* Task details:
Retype the material that follows exactly, limited to the lines from the one with "You will now" through the one with "Gilan Province |", and keep out all pictures.

* Material for this exercise:
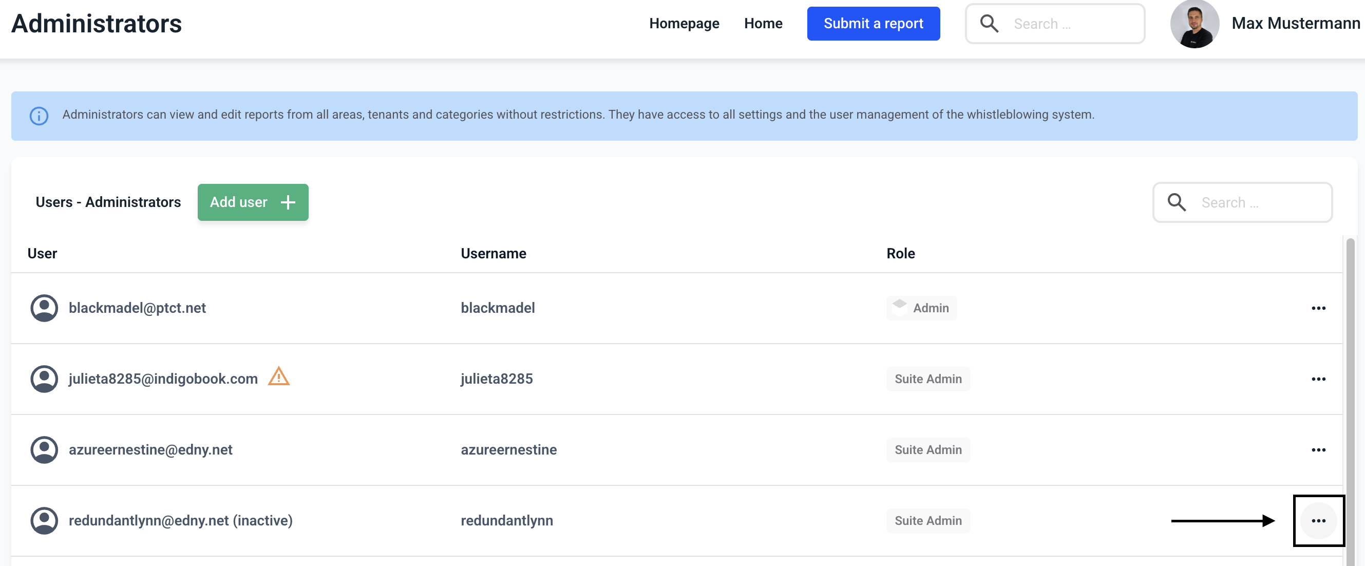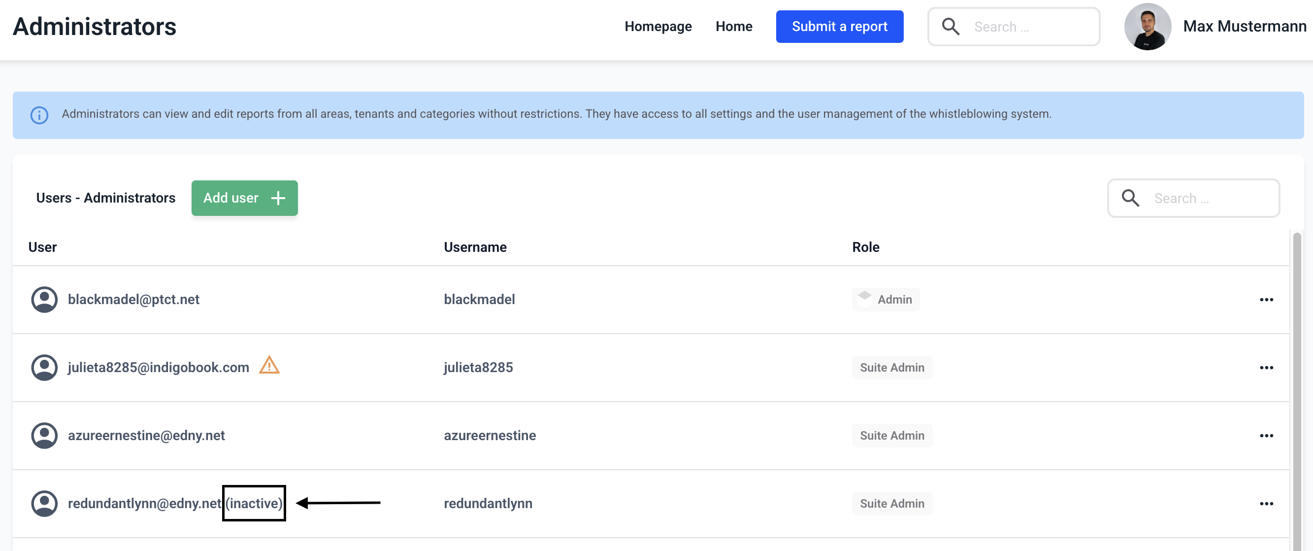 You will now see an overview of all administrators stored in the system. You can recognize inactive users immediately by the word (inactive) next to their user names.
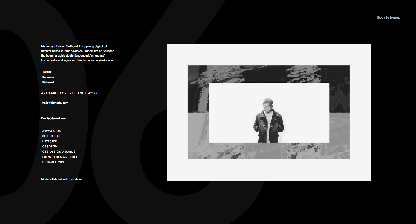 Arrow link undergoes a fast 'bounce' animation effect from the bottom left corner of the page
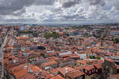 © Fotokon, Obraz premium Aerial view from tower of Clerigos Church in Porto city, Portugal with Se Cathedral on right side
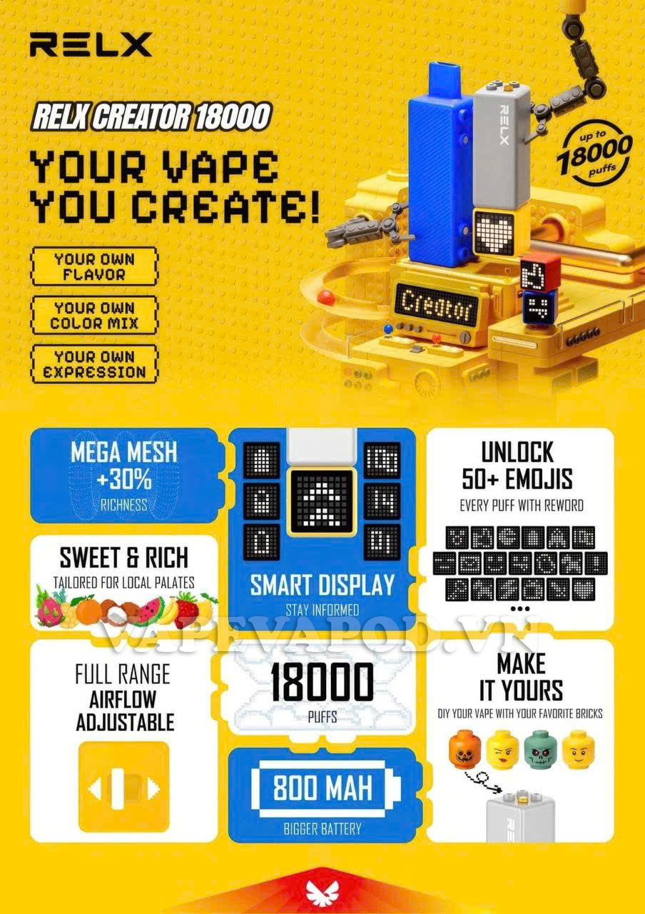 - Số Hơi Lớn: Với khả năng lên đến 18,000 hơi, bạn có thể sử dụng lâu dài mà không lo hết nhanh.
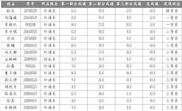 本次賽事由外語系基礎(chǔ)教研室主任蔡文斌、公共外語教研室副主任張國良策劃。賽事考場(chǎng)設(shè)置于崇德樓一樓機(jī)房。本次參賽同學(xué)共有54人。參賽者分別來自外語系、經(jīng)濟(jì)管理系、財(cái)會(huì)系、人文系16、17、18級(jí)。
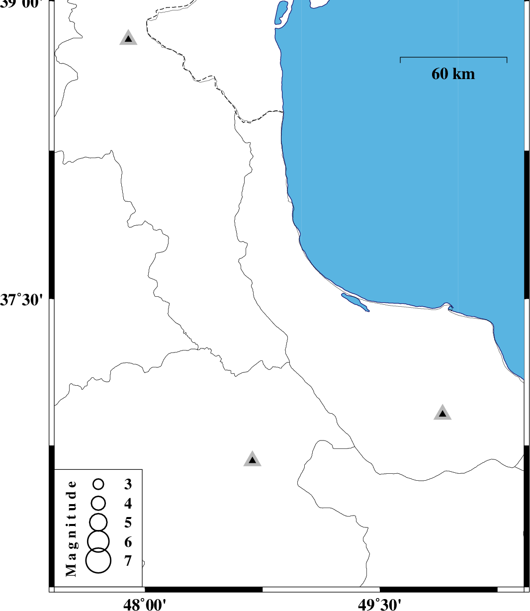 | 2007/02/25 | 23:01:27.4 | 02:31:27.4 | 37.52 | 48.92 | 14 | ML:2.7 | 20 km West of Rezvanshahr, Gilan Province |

---

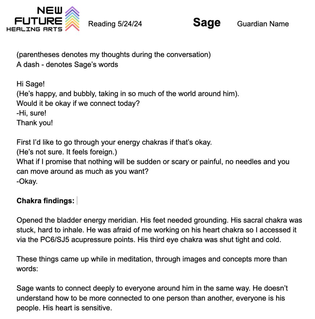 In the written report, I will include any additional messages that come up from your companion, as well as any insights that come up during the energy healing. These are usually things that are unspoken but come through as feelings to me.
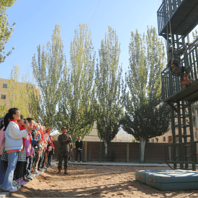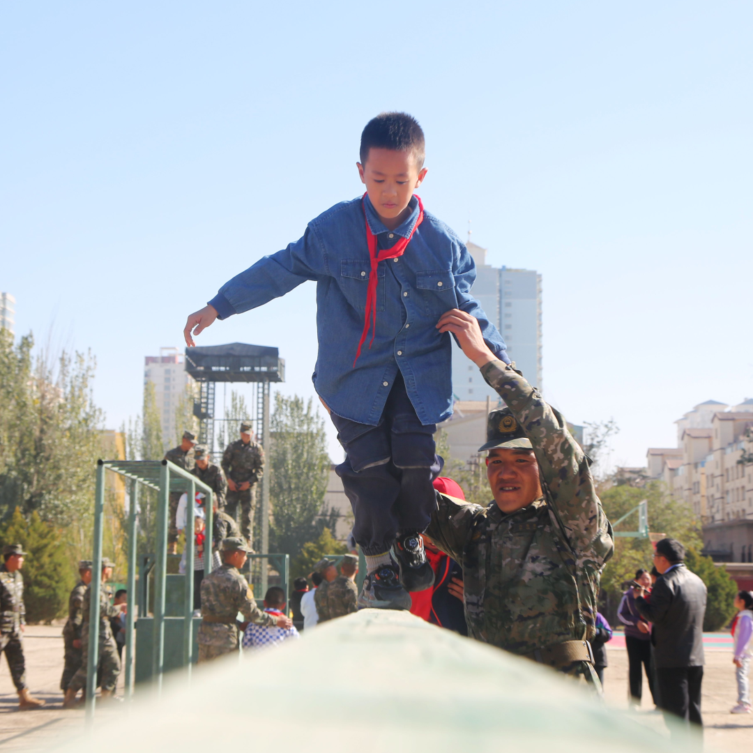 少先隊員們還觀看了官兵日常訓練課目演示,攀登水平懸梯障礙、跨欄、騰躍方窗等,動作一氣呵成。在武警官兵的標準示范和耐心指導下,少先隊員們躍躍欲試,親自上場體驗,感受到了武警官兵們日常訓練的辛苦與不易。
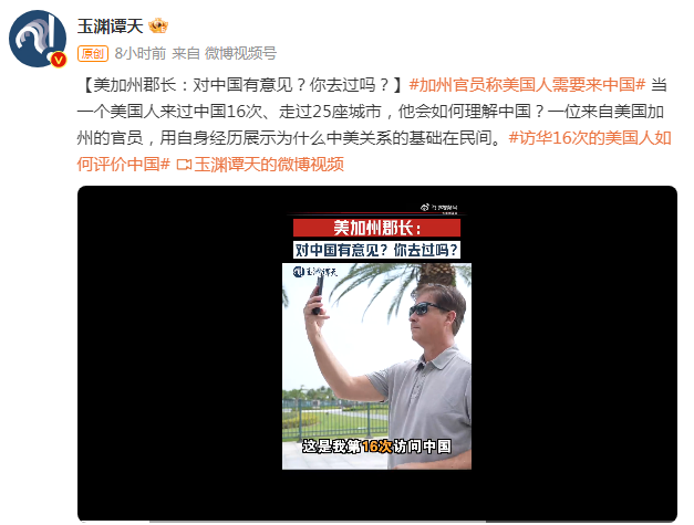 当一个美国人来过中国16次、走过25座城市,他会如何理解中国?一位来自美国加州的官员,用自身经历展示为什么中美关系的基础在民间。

* Task result:
 You will now see an overview of all administrators stored in the system. You can recognize inactive users immediately by the word (inactive) next to their user names.
 Arrow link undergoes a fast 'bounce' animation effect from the bottom left corner of the page
 © Fotokon, Obraz premium Aerial view from tower of Clerigos Church in Porto city, Portugal with Se Cathedral on right side
 - Số Hơi Lớn: Với khả năng lên đến 18,000 hơi, bạn có thể sử dụng lâu dài mà không lo hết nhanh.
 本次賽事由外語系基礎(chǔ)教研室主任蔡文斌、公共外語教研室副主任張國良策劃。賽事考場(chǎng)設(shè)置于崇德樓一樓機(jī)房。本次參賽同學(xué)共有54人。參賽者分別來自外語系、經(jīng)濟(jì)管理系、財(cái)會(huì)系、人文系16、17、18級(jí)。
 | 2007/02/25 | 23:01:27.4 | 02:31:27.4 | 37.52 | 48.92 | 14 | ML:2.7 | 20 km West of Rezvanshahr, Gilan Province |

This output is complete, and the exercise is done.